„Dürfen Museen belastete Kunst ausstellen?“

28.02.2018  Rheinische Post

Bei dieser Veranstaltung waren Paris und Berlin zu Gast in Düsseldorf. „Konzeptionen für ein modernes Museum der Weltkulturen: Musée du quai Branly, Paris und Humboldt Forum im Berliner Schloss“ war der Abend im Haus der Universität betitelt. Die Veranstalter, der Freundeskreis Düsseldorf im Förderverein Berliner Schloss und das Institut Français, hatten zwei renommierte Experten eingeladen. Blandine Sorbe ist stellvertretende Direktorin des „Musée du quai Branly – Jacques Chirac, das vor 12 Jahren im Herzen von Paris eröffnet wurde. Mit seinen Beständen ist es das nationale französische Museum für außereuropäische Kunst. Für das noch unfertige Berliner Humboldt-Forum, dem ein ähnliches Konzept zugrunde liegt, war Hermann Parzinger angereist, der Präsident der Stiftung Preußischer Kulturbesitz.

Von Claus Clemens

Beide Redner zeigten in ihren Vorträgen und bei der im Anschluss von RP-Kulturchef Lothar Schröder moderierten Diskussion viele Parallelen zwischen den beiden Museen auf.

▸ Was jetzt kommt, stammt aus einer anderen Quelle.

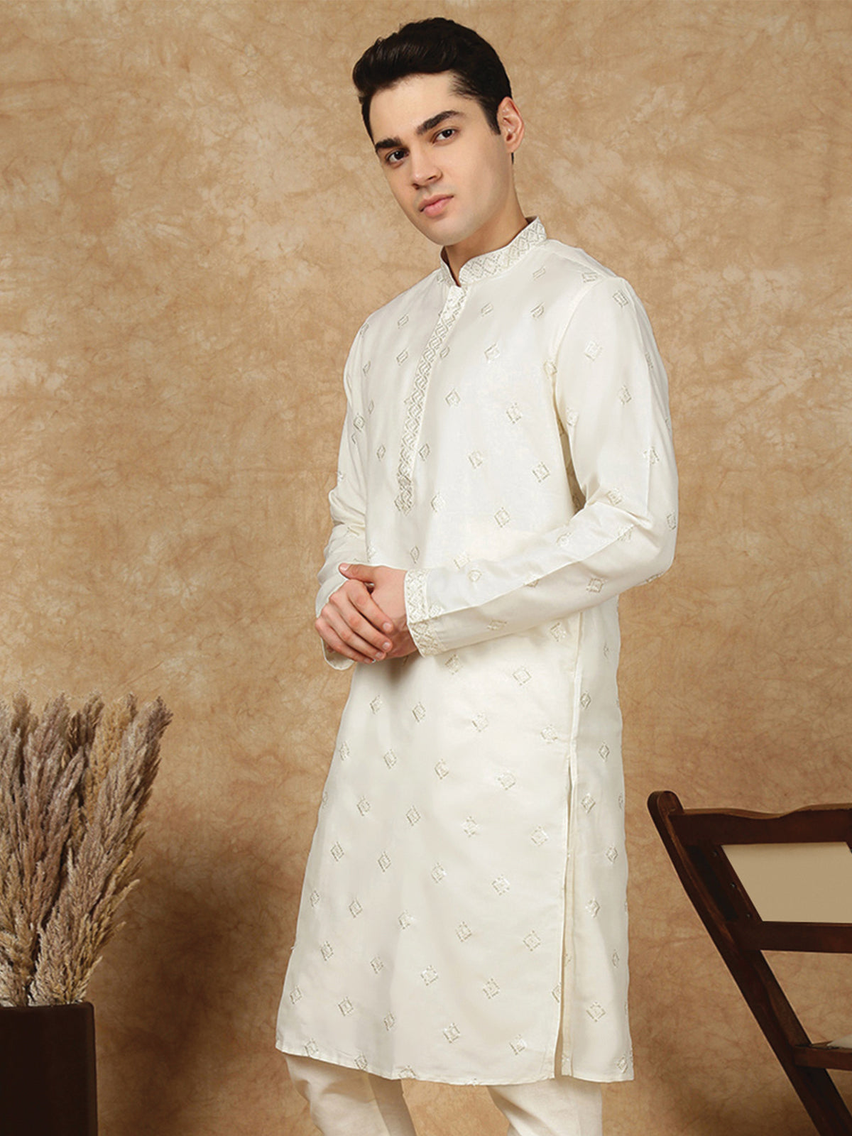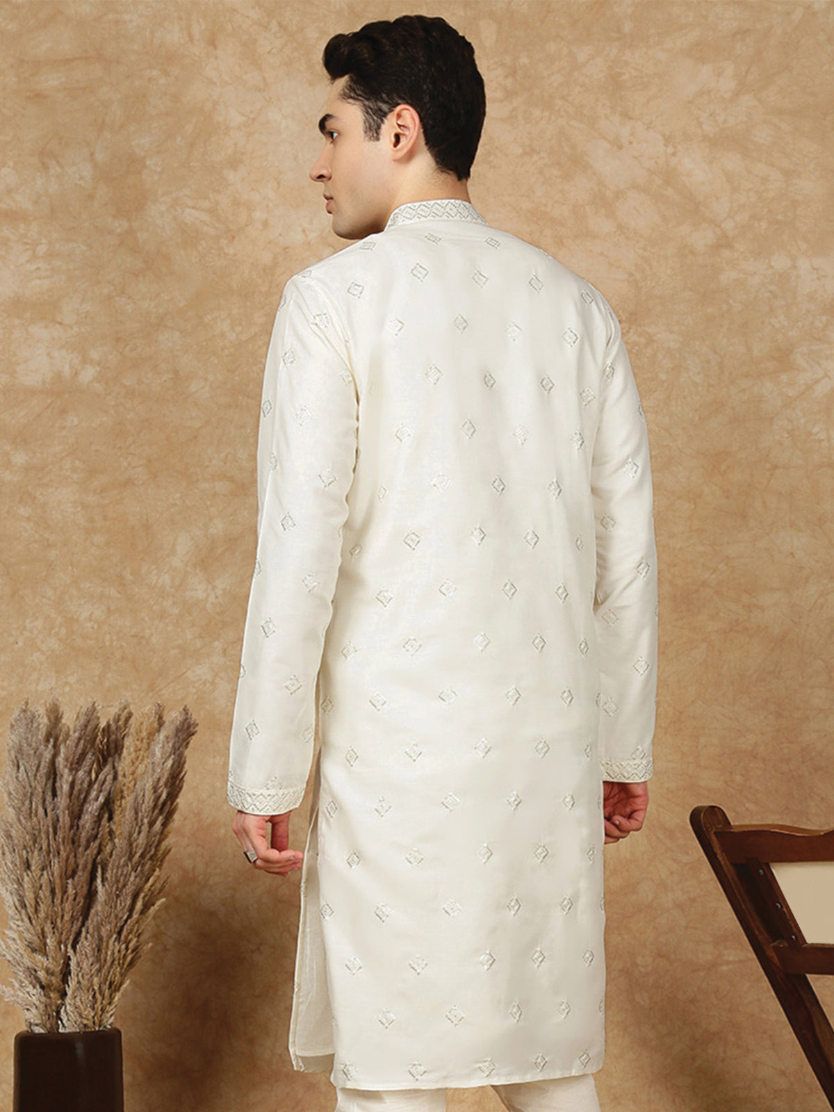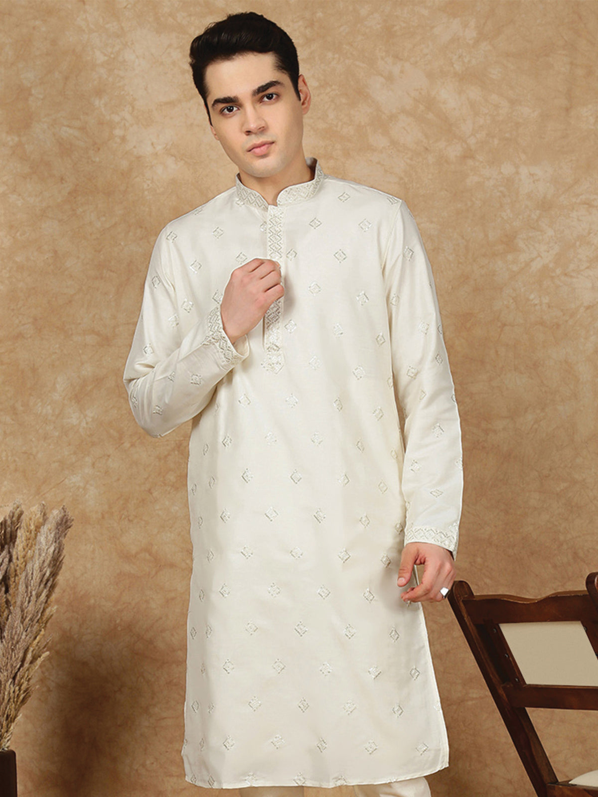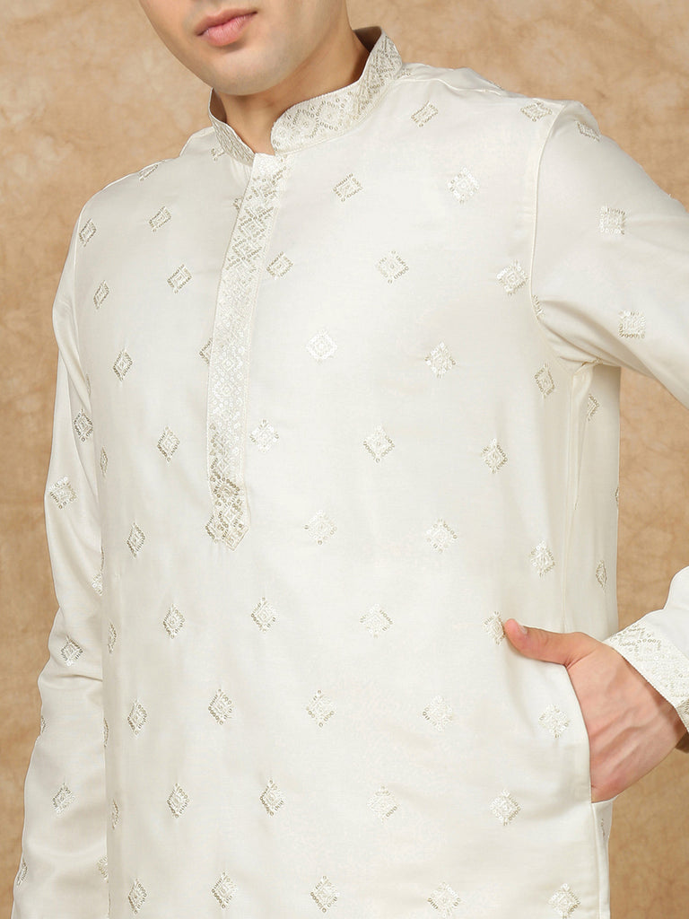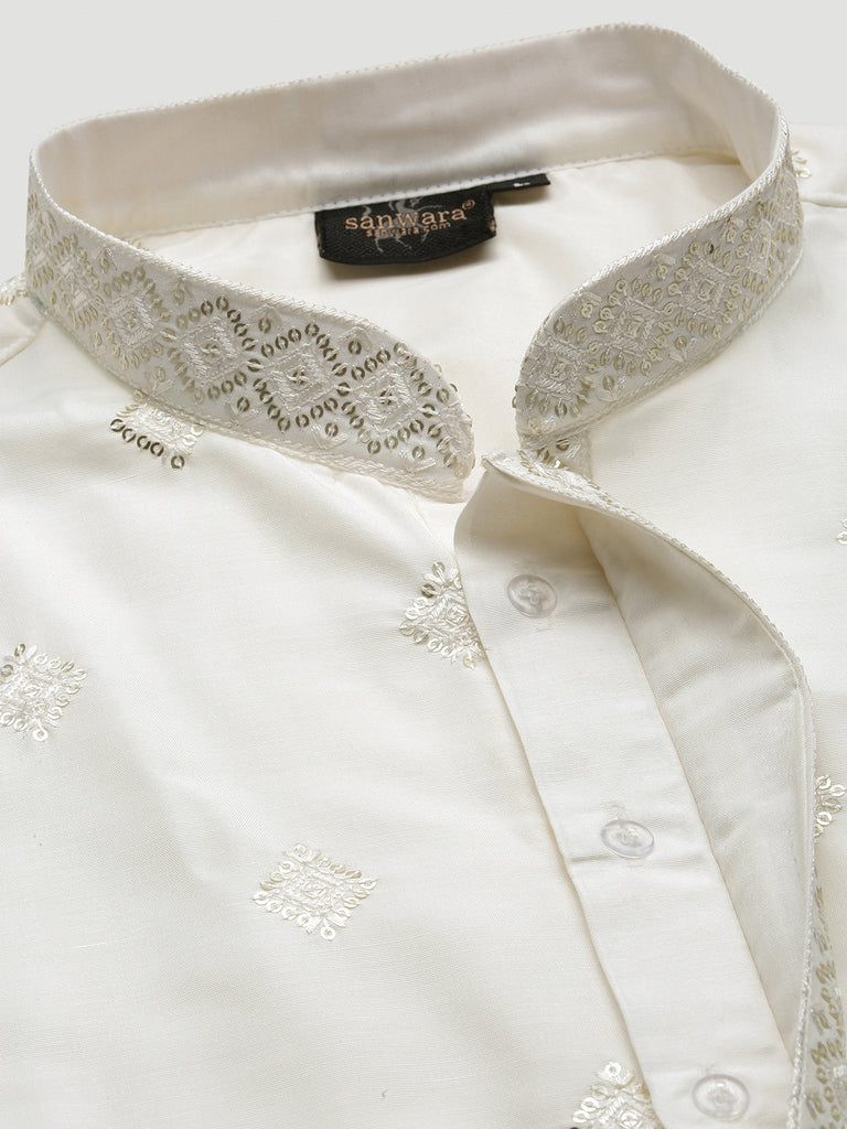 Sanwara Lavish Royal Cream Silk Blend Sequins Work Kurta for Men|A Fusion of Contemporary Design, Stylish, Comfortable, and Perfect On Sangeet Celebrations & Cultural Events

Im Fokus standen aber vor allem Fragen der Provenienz und Restitution. Für die französische Seite beschrieb Blandine Sorbe die aktuell hochemotional geführte Debatte, die Präsident Emmanuel Macron losgetreten hat. Bei seinem ersten offiziellen Besuch auf dem afrikanischen Kontinent erklärte er im November letzten Jahres in Ouagadougou, der Hauptstadt von Burkina Faso: „Ich will, dass man innerhalb der nächsten fünf Jahre die Bedingungen schafft für eine zeitweise oder dauerhafte Restitution des afrikanischen Kulturerbes.“

Zwei Jahre vorher hatte der damalige Außenminister Jean-Marc Ayrault noch formuliert, dass alle Kulturgüter der Museen, egal welcher Herkunft, zum „unveräußerbaren“ Besitz des Staates gehörten und somit eine Restitution nicht möglich wäre. Blandine Sorbe kann das juristische Dilemma nachvollziehen, das je nach Ausgang gravierende Folgen für ihr Museum hätte: „Vielleicht gelingt es ja, die verzwickte Rechtslage auf eine neue Grundlage zu stellen.“

Auf der deutschen Seite sieht sich Hermann Parzinger, der Präsident der Stiftung Preußischer Kulturbesitz und Gründungsintendant des Humboldt-Forums, mit einem ganz anderen Problem konfrontiert: nämlich der Vermischung der Debatte um Raubkunst aus jüdischer Provenienz und den Vorwürfen, ethnografische Bestände seien belastet mit „Blut, geflossen in kolonialer Zeit“.

Hermann Parzinger und seine Mitstreiter planen, durch gemeinsame Projekte und Forschungsarbeiten mit Wissenschaftlern außereuropäischer Länder die Lage zu versachlichen. Auch deshalb, weil – so der Gast aus Berlin – „die meisten Objekte aus Kulturen anderer Länder, auch die der zeitweise kolonisierten, durch frühere Forschungsreisen oder Kauf in deutschen Besitz gelangt sind.“

Ende 2019 soll das Humboldt-Forum im Berliner Schloss eröffnet werden, zunächst für drei Jahre bei freiem Eintritt.